Follow MongoDB’s [steps to get the connection](https://www.mongodb.com/docs/manual/reference/connection-string/) string from the Atlas UI. After setting up the database and obtaining the Atlas cluster connection URI, securely store the URI within your development environment.

This guide uses Google Colab, which offers a feature for securely storing environment secrets. These secrets can then be accessed within the development environment. Specifically, the line mongo_uri = userdata.get('MONGO_URI') retrieves the URI from the secure storage.

In [25]:
os.environ["MONGO_URI"] = ""

In [26]:
import pymongo


def get_mongo_client(mongo_uri):
    """Establish and validate connection to the MongoDB."""

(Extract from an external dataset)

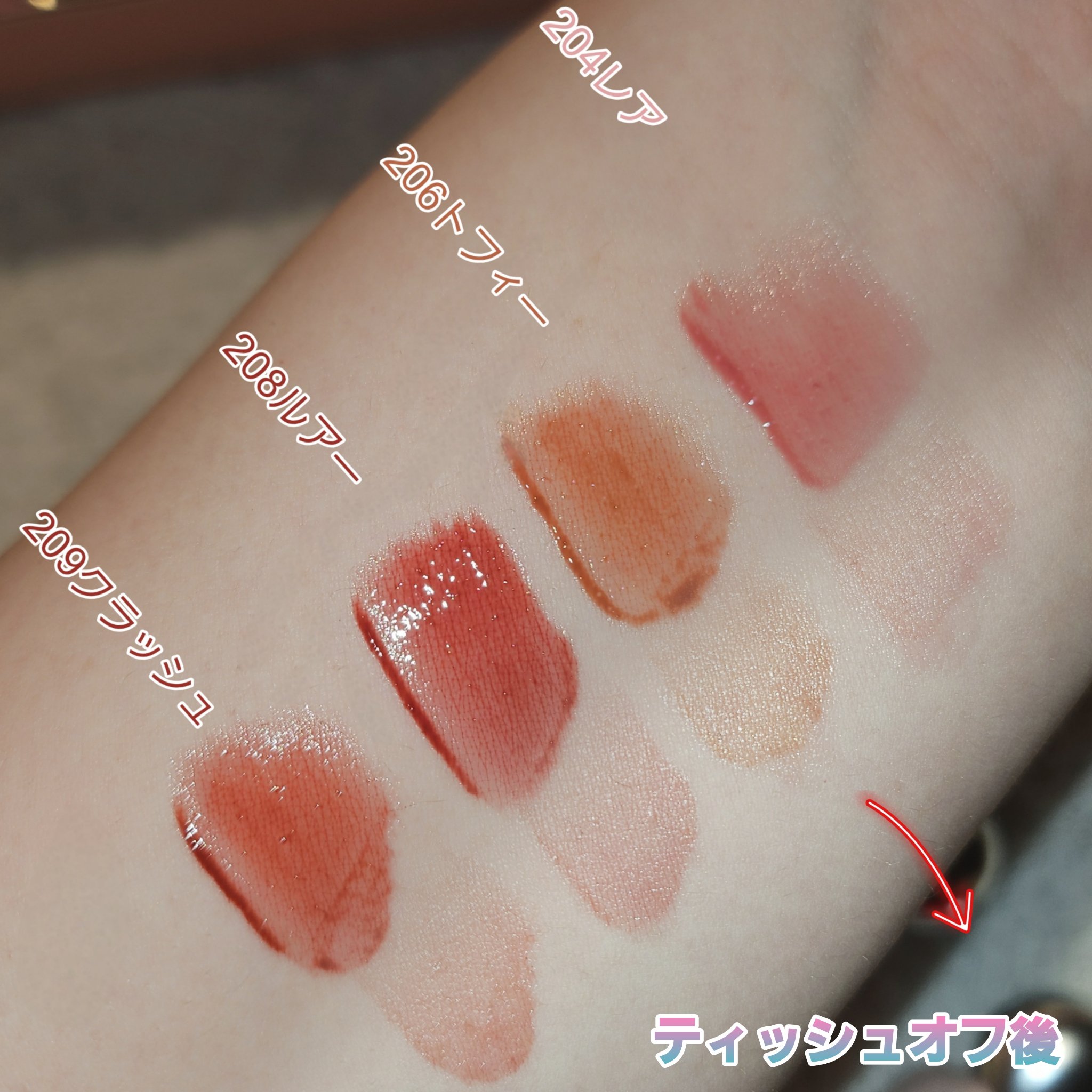 - <201 フェアリー> ダイマージリノール酸ジイソステアリル、ジフェニルシロキシフェニルトリメチコン、ビスジグリセリルポリアシルアジペート-2、水、ジフェニルジメチコン、水添ポリイソブテン、セチルPEG/PPG-10/1ジメチコン、ポリソルベート60、ペンチレングリコール、グリセリン、イソステアリン酸ポリグリセリル-4、フェノキシエタノール、1,2-ヘキサンジオール、セテアレス-20、酸化チタン (CI 77891)、(アクリル酸ヒドロキシエチル/アクリロイルジメチルタウリンNa)コポリマー、ステビオシド、スクワラン、香料、ジラウラミドグルタミドリシンNa、エチルヘキシルグリセリン、エチレンジアミンジコハク酸3Na、赤色227号 (CI 17200)、水酸化Al、黄色5号 (CI 15985)、ポリアクリル酸アンモニウム、イソステアリン酸ソルビタン、黄色4号 (CI 19140)、BG、赤色223号 (CI 45410)、青色1号 (CI 42090)、アラントイン、パンテノール、ツボクサエキス、ヒアルロン酸、加水分解ヒアルロン酸、ヒアルロン酸Na <203 バブリー> ダイマージリノール酸ジイソステアリル、ジフェニルシロキシフェニルトリメチコン、ビスジグリセリルポリアシルアジペート-2、水、ジフェニルジメチコン、水添ポリイソブテン、セチルPEG/PPG-10/1ジメチコン、ポリソルベート60、ペンチレングリコール、グリセリン、イソステアリン酸ポリグリセリル-4、フェノキシエタノール、1,2-ヘキサンジオール、セテアレス-20、(アクリル酸ヒドロキシエチル/アクリロイルジメチルタウリンNa)コポリマー、ステビオシド、酸化チタン (CI 77891)、スクワラン、香料、ジラウラミドグルタミドリシンNa、エチルヘキシルグリセリン、赤色227号 (CI 17200)、エチレンジアミンジコハク酸3Na、黄色5号 (CI 15985)、イソステアリン酸ソルビタン、水酸化Al、ポリアクリル酸アンモニウム、黄色4号 (CI 19140)、BG、青色1号 (CI 42090)、アラントイン、パンテノール、ツボクサエキス、ヒアルロン酸、加水分解ヒアルロン酸、ヒアルロン酸Na <204 レア> ダイマージリノール酸ジイソステアリル、ジフェニルシロキシフェニルトリメチコン、ビスジグリセリルポリアシルアジペート-2、水、ジフェニルジメチコン、水添ポリイソブテン、セチルPEG/PPG-10/1ジメチコン、ポリソルベート60、ペンチレングリコール、グリセリン、イソステアリン酸ポリグリセリル-4、フェノキシエタノール、1,2-ヘキサンジオール、セテアレス-20、(アクリル酸ヒドロキシエチル/アクリロイルジメチルタウリンNa)コポリマー、酸化チタン (CI 77891)、ステビオシド、スクワラン、香料、ジラウラミドグルタミドリシンNa、エチルヘキシルグリセリン、赤色227号 (CI 17200)、黄色5号 (CI 15985)、エチレンジアミンジコハク酸3Na、イソステアリン酸ソルビタン、水酸化Al、ポリアクリル酸アンモニウム、黄色4号 (CI 19140)、青色1号 (CI 42090)、BG、アラントイン、パンテノール、ツボクサエキス、ヒアルロン酸、加水分解ヒアルロン酸、ヒアルロン酸Na <205 ハニーデュー> ダイマージリノール酸ジイソステアリル、ジフェニルシロキシフェニルトリメチコン、ビスジグリセリルポリアシルアジペート-2、水、ジフェニルジメチコン、水添ポリイソブテン、セチルPEG/PPG-10/1ジメチコン、ポリソルベート60、ペンチレングリコール、グリセリン、イソステアリン酸ポリグリセリル-4、フェノキシエタノール、1,2-ヘキサンジオール、セテアレス-20、(アクリル酸ヒドロキシエチル/アクリロイルジメチルタウリンNa)コポリマー、酸化チタン (CI 77891)、ステビオシド、スクワラン、香料、ジラウラミドグルタミドリシンNa、エチルヘキシルグリセリン、赤色227号 (CI 17200)、黄色5号 (CI 15985)、エチレンジアミンジコハク酸3Na、イソステアリン酸ソルビタン、水酸化Al、ポリアクリル酸アンモニウム、黄色4号 (CI 19140)、青色1号 (CI 42090)、BG、アラントイン、パンテノール、ツボクサエキス、ヒアルロン酸、加水分解ヒアルロン酸、ヒアルロン酸Na <206 トフィー> ダイマージリノール酸ジイソステアリル、ジフェニルシロキシフェニルトリメチコン、ビスジグリセリルポリアシルアジペート-2、水、ジフェニルジメチコン、水添ポリイソブテン、セチルPEG/PPG-10/1ジメチコン、ポリソルベート60、ペンチレングリコール、グリセリン、イソステアリン酸ポリグリセリル-4、フェノキシエタノール、1,2-ヘキサンジオール、セテアレス-20、(アクリル酸ヒドロキシエチル/アクリロイルジメチルタウリンNa)コポリマー、ステビオシド、スクワラン、香料、ジラウラミドグルタミドリシンNa、酸化チタン (CI 77891)、エチルヘキシルグリセリン、黄色5号 (CI 15985)、エチレンジアミンジコハク酸3Na、黄色4号 (CI 19140)、赤色227号 (CI 17200)、イソステアリン酸ソルビタン、赤色223号 (CI 45410)、青色1号 (CI 42090)、水酸化Al、ポリアクリル酸アンモニウム、BG、アラントイン、パンテノール、ツボクサエキス、ヒアルロン酸、加水分解ヒアルロン酸、ヒアルロン酸Na <207 フレイム> ダイマージリノール酸ジイソステアリル、ジフェニルシロ

    client = pymongo.MongoClient(
        mongo_uri, appname="devrel.showcase.openai_llamaindex_agent"
    )

    # Validate the connection
    ping_result = client.admin.command("ping")
    if ping_result.get("ok") == 1.0:
        # Connection successful
        print("Connection to MongoDB successful")
        return client
    print("Connection to MongoDB failed")
    return None


mongo_uri = os.environ.get("MONGO_URI")
if not mongo_uri:
    print("MONGO_URI not set in environment variables")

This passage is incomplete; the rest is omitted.